> _Supplied data_:
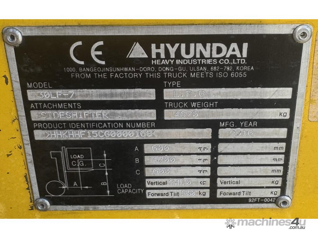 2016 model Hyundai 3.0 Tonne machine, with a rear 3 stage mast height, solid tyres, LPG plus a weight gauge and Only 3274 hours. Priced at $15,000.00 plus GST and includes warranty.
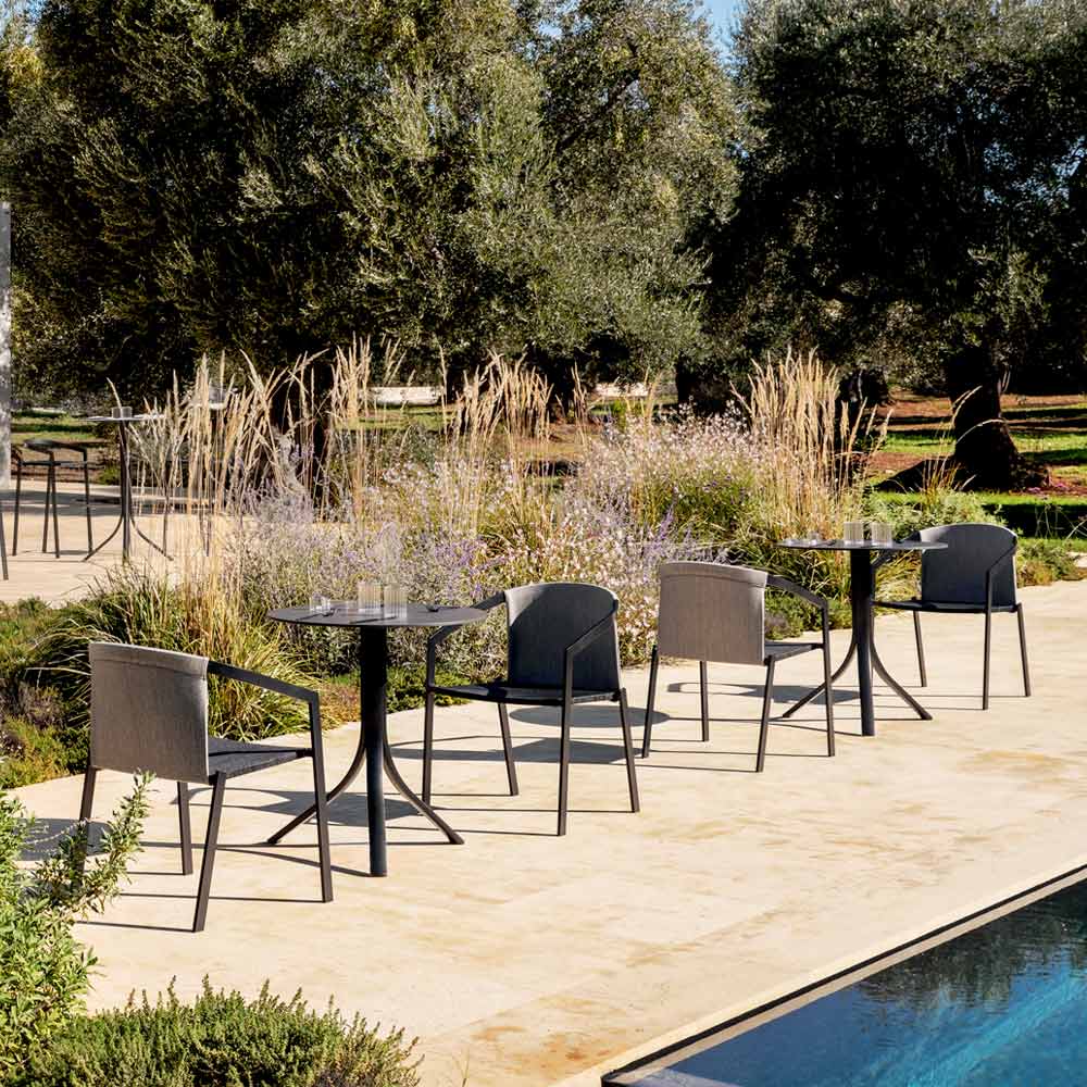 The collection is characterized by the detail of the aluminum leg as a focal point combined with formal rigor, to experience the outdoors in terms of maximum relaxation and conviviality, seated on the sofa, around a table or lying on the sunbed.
--
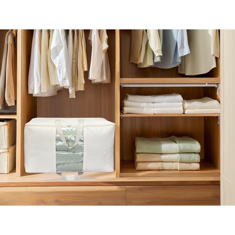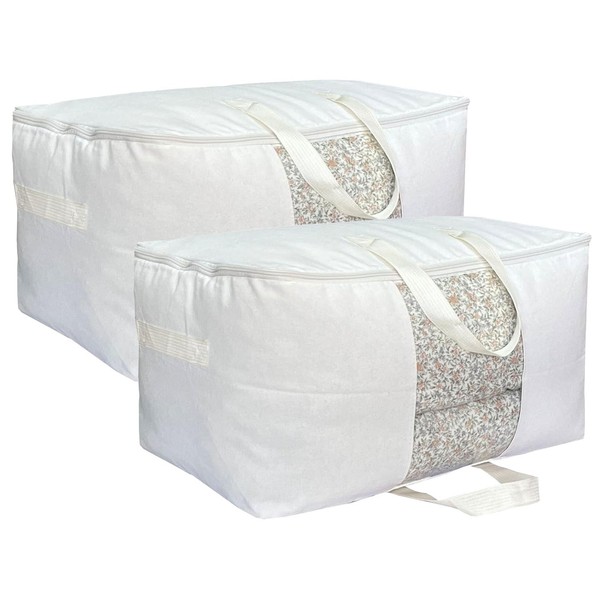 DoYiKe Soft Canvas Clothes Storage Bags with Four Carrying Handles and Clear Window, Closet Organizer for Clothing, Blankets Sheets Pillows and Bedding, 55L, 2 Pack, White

> _What to do_: Only one stretch of the entries above is needed: the lines from the one containing "2016 model Hyundai" through the one containing "The collection is". Copy it exactly, without the pictures.

> _Answer below_:
 2016 model Hyundai 3.0 Tonne machine, with a rear 3 stage mast height, solid tyres, LPG plus a weight gauge and Only 3274 hours. Priced at $15,000.00 plus GST and includes warranty.
 The collection is characterized by the detail of the aluminum leg as a focal point combined with formal rigor, to experience the outdoors in terms of maximum relaxation and conviviality, seated on the sofa, around a table or lying on the sunbed.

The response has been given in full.